Incarceration Plays a Role in Incidence of HIV Among African-Americans: Better Prevention Needed In Prisons
High-Risk Behaviors In and Out of Incarcerated Settings for African-American Men Treated for HIV at 3 Los Angeles Public Medical Centers.
This research describes high-risk sexual and drug-using behaviors in and out of incarceration and evaluates the contribution of these behaviors to HIV risk for African-American men receiving HIV care at 3 public medical centers in Los Angeles County, California.
A case-control study was conducted in which 305 neighborhood controls, ages 20-49, were frequency-matched by age.
Thirty-one percent of HIV-infected men who self-identified as heterosexual reported anal sex with a man while not incarcerated.
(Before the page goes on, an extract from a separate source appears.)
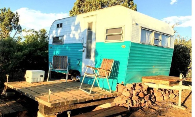 Private camper with deck, indoor and outdoor dining tables. Inside table can be folded down into a bed, extra linens in the closet. Native American artifacts are in the prolific throughout the area as this entire region was inhabited by Indians in the past. Ruins of scattered throughout the canyons below.

Of those with a history of incarceration(n=332), 23% of the cases and 9% of the controls reported anal sex while incarcerated(adjusted OR=1.1; 95% CI:0.6, 2.2). Most(90%) of the anal sex during incarceration occurred without condoms. The percentage reporting anal sex with men decreased for all sexual orientations during incarceration. Sexual and drug using behaviors during incarceration were not associated with HIV infection.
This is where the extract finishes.